Between January and October this year, iron ore ranked as Brazil’s second-biggest export just behind soyabeans, accounting for about 12 per cent of total shipments in value terms.

However, on the other hand, with its biggest mines more than 10,000 miles away from the key Chinese market, its geographical position has been its Achilles heel in its battle with rivals BHP Billiton and the Rio Tinto Group, located in Australia, much closer to Asia.

While demand from China is slowing, the country still accounts for 49.6 per cent of Vale’s total iron ore sales and Asia as a whole represents 65.4 per cent, according to the company’s third-quarter results.

As such, finding ways to reduce the logistics costs of these vast delivery routes has always been one of Vale’s top priorities. As the global commodity supercycle ends, pushing down iron ore prices worldwide, these cuts have become even more important.

So far this year, iron ore prices have fallen by more than 40 per cent to a five-year low as new supply from Australia and Brazil has hit the market just as demand from Chinese steelmakers has slowed.

Pedro Galdi, an analyst at SLW Corretora in São Paulo, says: “The three large miners – Vale, Rio Tinto and BHP Billiton – sharply increased capacity, putting more iron ore in the market, and causing prices to fall. Many miners can’t cope with prices at this level – miners in China are halting operations and in Australia and Brazil too.”

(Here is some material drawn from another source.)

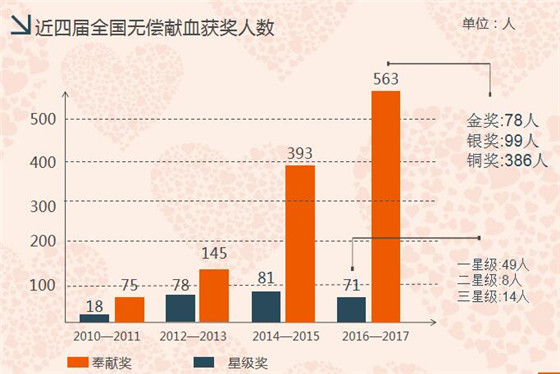 2016至2017年度安康申報(bào)全國(guó)獲獎(jiǎng)人數(shù)634人次,其中:無(wú)償獻(xiàn)血奉獻(xiàn)獎(jiǎng)計(jì)563人,金獎(jiǎng)78人,銀獎(jiǎng)99人,銅獎(jiǎng)386人 ;全國(guó)星級(jí)志愿服務(wù)獎(jiǎng)71人,一星級(jí)49人,二星級(jí)8人,三星級(jí)14人。連續(xù)五屆十年榮獲全國(guó)無(wú)償獻(xiàn)血先進(jìn)城市;安康職業(yè)技術(shù)學(xué)院被評(píng)為全國(guó)無(wú)償獻(xiàn)血促進(jìn)獎(jiǎng)單位;我站站長(zhǎng)胡章學(xué)被評(píng)為全國(guó)無(wú)償獻(xiàn)血促進(jìn)獎(jiǎng)個(gè)人。獲獎(jiǎng)人數(shù)創(chuàng)歷史新高。

Given the vast scale of its operations, Vale is still able to make a profit with iron ore prices at the current $70 a tonne. However, the company is under even greater pressure to reduce costs to protect its margins, he says.

Under Vale’s brash former boss, Roger Agnelli, the company came up with its most ambitious solution to the problem yet. At the height of the commodity boom in 2011, the company decided that the best way to tackle its high logistics costs was to build its own fleet of very large ore carriers (VLOCs) known as Valemax vessels.